Primer contacto. Era una de esas noticias que le obligaban a hacer zapeo. De las que siempre hacían que se le atragantase la comida, pero conseguían su atención. Un no querer saber, pero mirar de reojo. Una sensación que se terminó el día en que encontró las cámaras en su rellano y no en la pantalla.

“Una de las cosas más afortunadas que te pueden suceder en la vida es tener una infancia feliz”. La frase le cayó encima. La leyó por primera vez cuando no sabía que tenía, pero lo tenía, todo el tiempo del mundo para sumergirse en otras vidas. Las novelas policíacas aportaban esa adrenalina que le faltaba al día pero, aquella vez, Agatha Christie le tendió una reflexión en lugar de una distracción. La alejó de esa evasión que perseguía cuando cambiaba de canal. “¿Cómo prevenirles de los monstruos sin robarles la ingenuidad?”. Así debieron nacer los cuentos, pensó. Solo un problema: los malos siempre se encuentran de puertas para afuera.

No abrir a desconocidos. No aceptar sus caramelos. No irse con ellos.
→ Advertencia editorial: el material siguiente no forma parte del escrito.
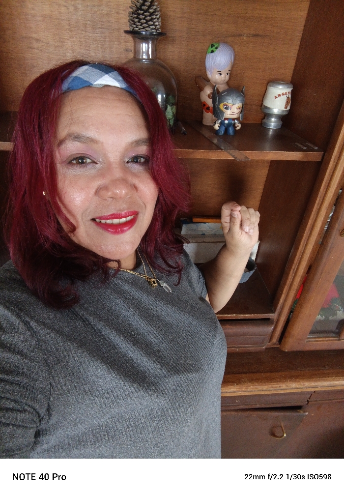 A selfie captures a smiling woman with red hair and a patterned headband. She wears a gray top and gold necklaces. Behind her is a wooden cabinet with shelves containing various items, including a glass bottle topped with a pinecone, figurines of cartoon characters, and a container labeled "Argen." The photo's lower edge displays camera settings: "NOTE 40 Pro" and "22mm f/2.2 1/30s ISO598."

Mirada sobre el televisor y cabeza en dos pisos más abajo: todos los consejos dados hablaban de extraños. Los de su vecina seguro que también. Subió el volumen y comprobó que, una vez más, las pesquisas policiales investigaban el entorno más próximo al niño. Ese que debería ser refugio para ahuyentar las pesadillas y que la infancia sobreviva: hacerles mirar con desconfianza a los suyos y al mundo que les rodea es convertirlos en adultos demasiado pronto.